Lwitter, a controlled Twitter phishing

New direct Twitter messages are circulating that are automatically sent from compromised accounts, in fact it is the classic phishing that seeks to attract the user's attention so that they click on a link and end up on a false page that asks for their password.

One of the messages circulating is the following:

geez this asshole is making updates with fucked up things that concern you (short link)

These phishing attacks are usually very effective when spam messages are received from friends or famous contacts. Curiously, this time the DM received it from the account of a Google employee who compromised his profile without realizing it, although he has already solved it.

The link redirect to a fake page(currently blocked by anti-phishing filters), in the following screenshot you can also see the WOT plugin warning that the page has a bad reputation:

Despite the Twitter-like design, if you look at the URL carefully you will see that it is lwitterand not twitter.com.

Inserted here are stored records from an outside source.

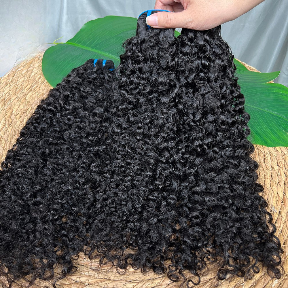 Notre tissage Afro Curly en Virgin Hair 100 % cheveux naturels reproduit de belles boucles serrées, denses, parfaites pour les femmes qui assument leur texture et aiment les looks full volume.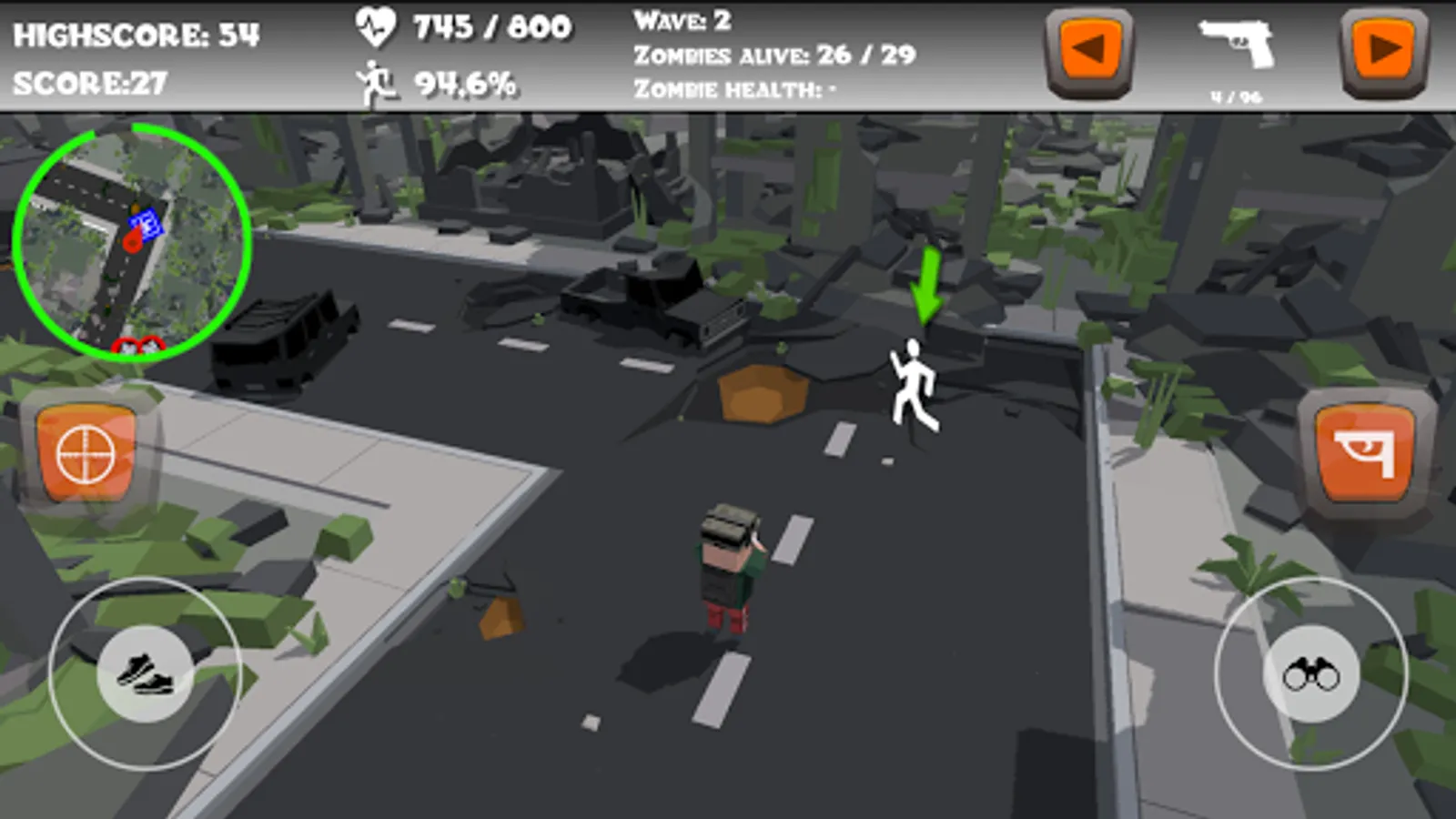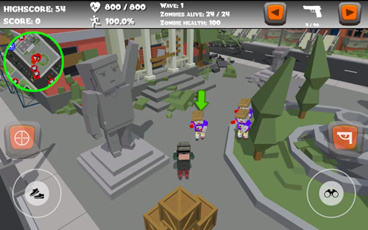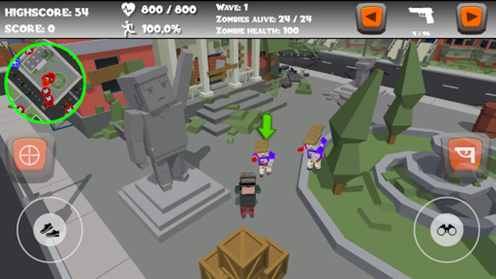 Zombies will spawn on several locations on the map, and they will search for you. Try to defeat them before they defeat you! There are three different kinds of zombies: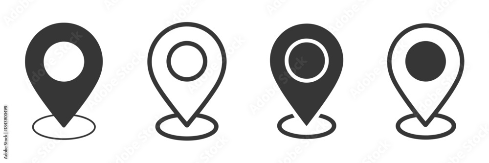 Map pin icon vector set, location symbol for maps, navigation apps, GPS services, travel, directions, geographic markers, and location-based interface design. #1843900499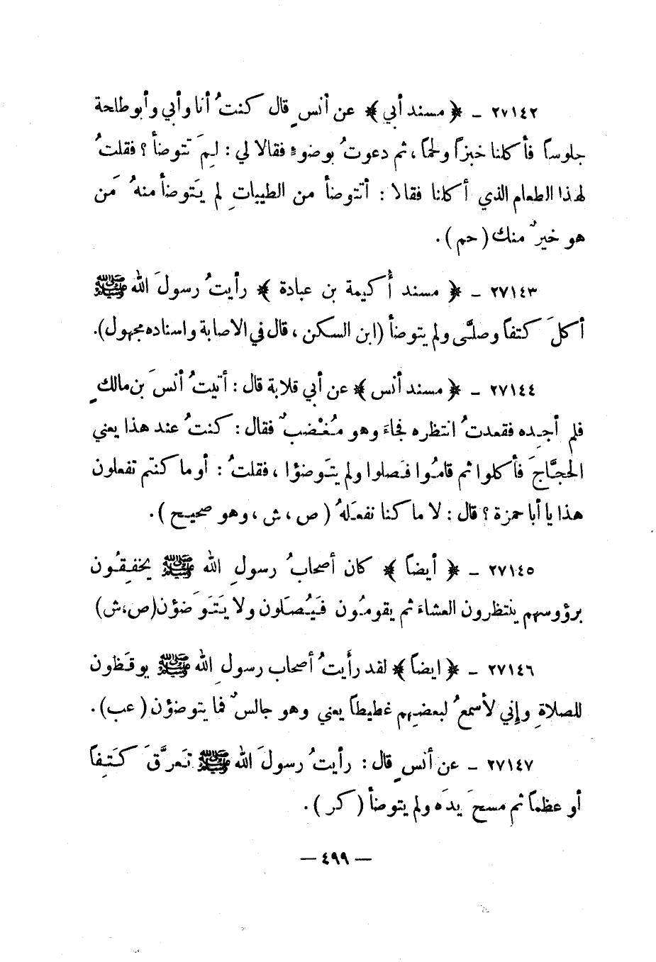 27144- "مسند أنس" عن أبي قلابة قال: "أتيت أنس بن مالك فلم أجده فقعدت انتظره فجاء وهو مغضب فقال: كنت عند هذا يعني الحجاج فأكلوا ثم قاموا فصلوا ولم يتوضؤا، فقلت: أو ما كنتم تفعلون هذا يا أبا حمزة؟ قال: لا ما كنا نفعله". "ص، ش، وهو صحيح".
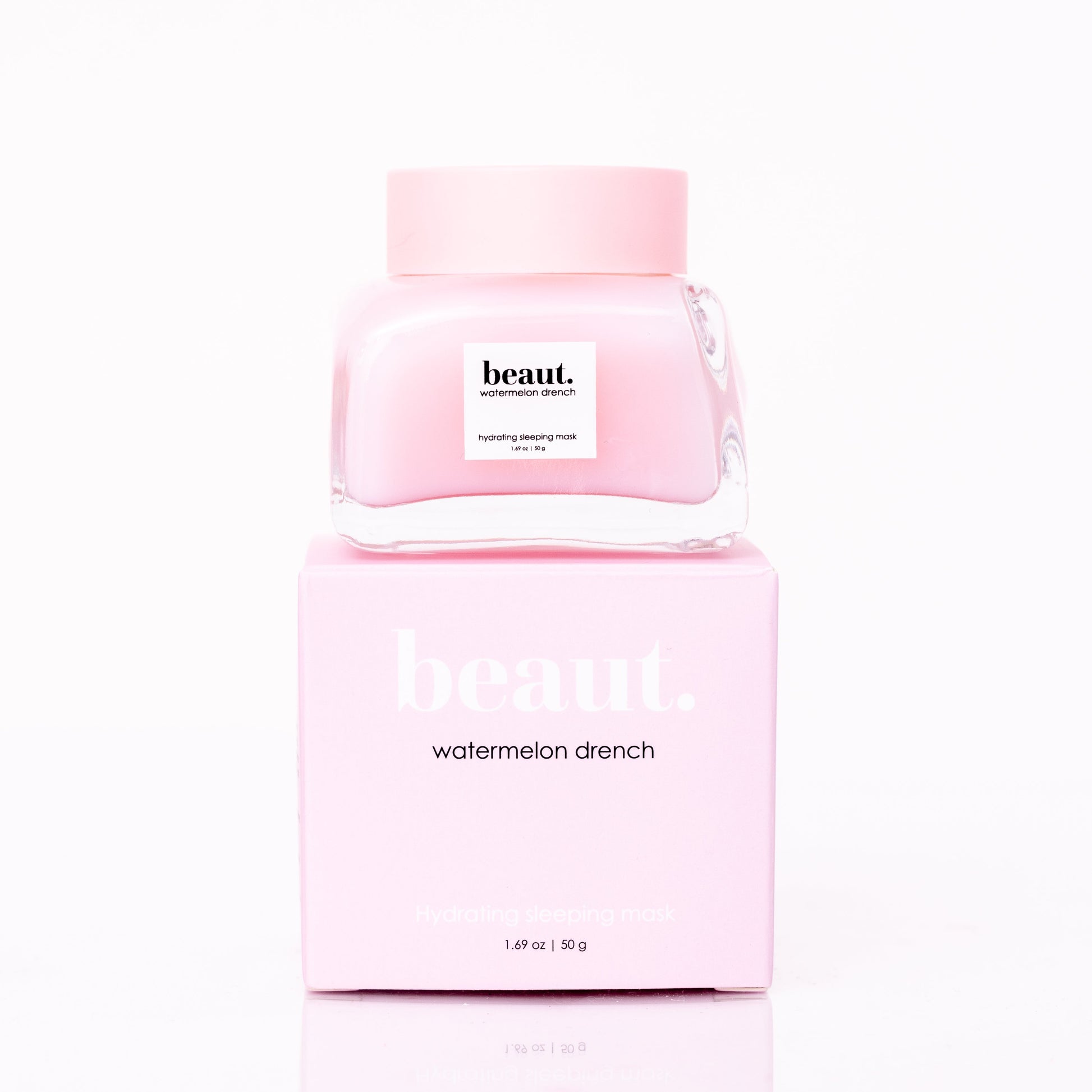 The Watermelon Drench sleeping mask is enriched with watermelon extracts, hyaluronic acid, and Alpha Hydroxy Acids (AHAs), this mask redefines skincare innovation. Its bouncy, breathable texture harnesses watermelon's amino acids and vitamins to deeply hydrate, soothe, and shield your skin against dryness and pollution.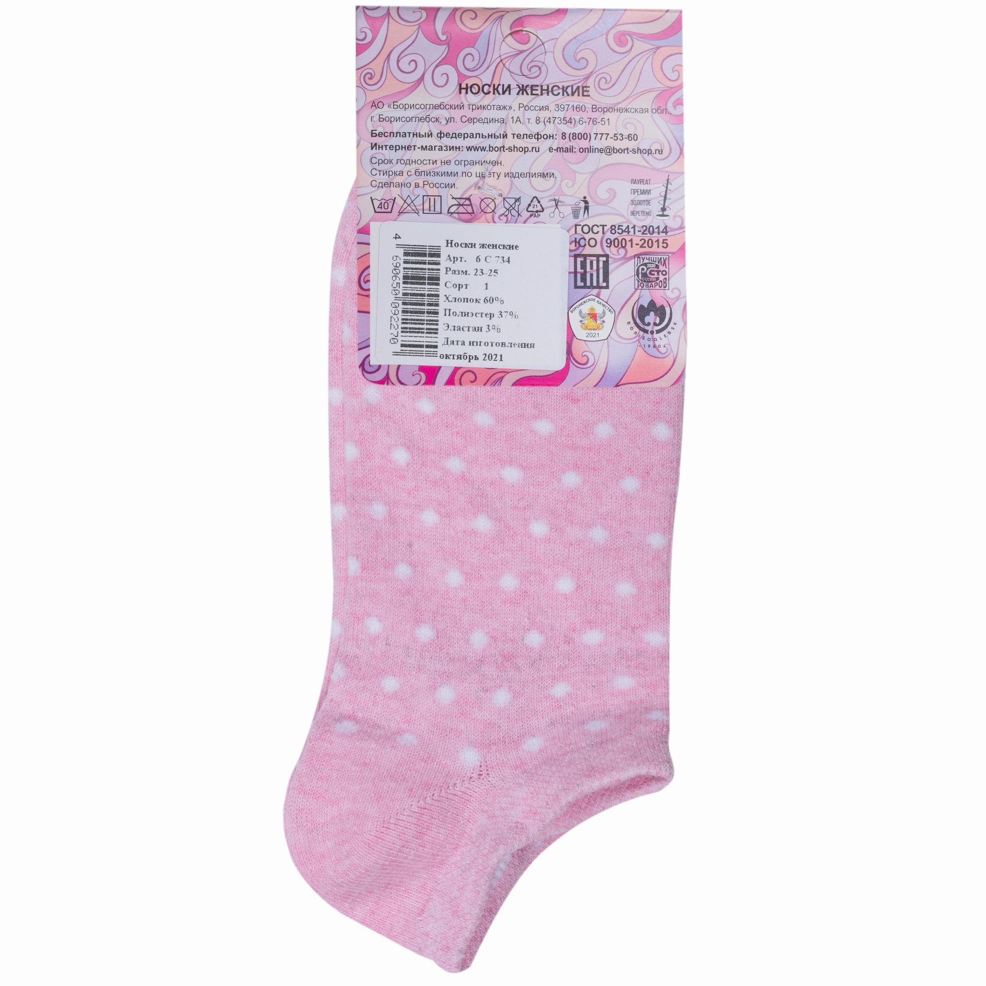 Круглогодичные ультракороткие женские носки, цвет розовый, классические, шов кеттельный (бесшовная технология), принт (рисунок): мелкий принт, горох / точка, с узором, состав: 60% хлопок, 37% полиэстер, 3% эластан, арт. 6С734. Производитель «АО Борисоглебский трикотаж, Воронежская обл, Россия» под брендом «Борисоглебский трикотаж».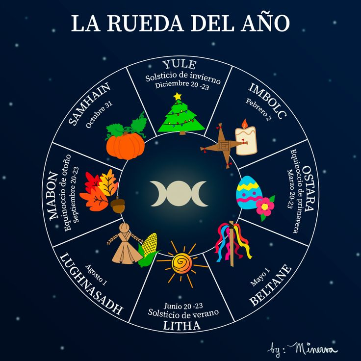 Hablando de paganismo, En la religión wicca y otras religiones paganas, la naturaleza, los procesos naturales son vistos como un ciclo continuo. El paso del tiempo es también visto como cíclico y es representado por una rueda o un círculo. La evolución de nacimiento, vida, declinación y muerte, como se experimenta en la vida humana, se repite en la progresión de las estaciones, de ahi surge la asi llamada rueda del año, para marcar y celebrar el ciclo de las estaciones Este ciclo consiste de ocho festivales llamados sabbats'. Según el paganismo, la rueda del año se refleja en nuestras vidas: nacimiento, crecimiento, declinación y muerte, donde el samhain es el cruce entre un ciclo que termina y uno nuevo que inicia.

Once the data is entered they are sent to the server of a cyber criminal who uses the account to send spam automatically.

What to do in these cases?

In addition to warning the user, if you get caught in the trap you must change the password as soon as possible (if you used it in other services too).

You should also check the installed apps to revoke access to anyone who is strange or not actively using (Settings / Applications) and if the problem continues, it performs a full scan of the PC for malware … as some have the ability to take advantage of social networks to spread.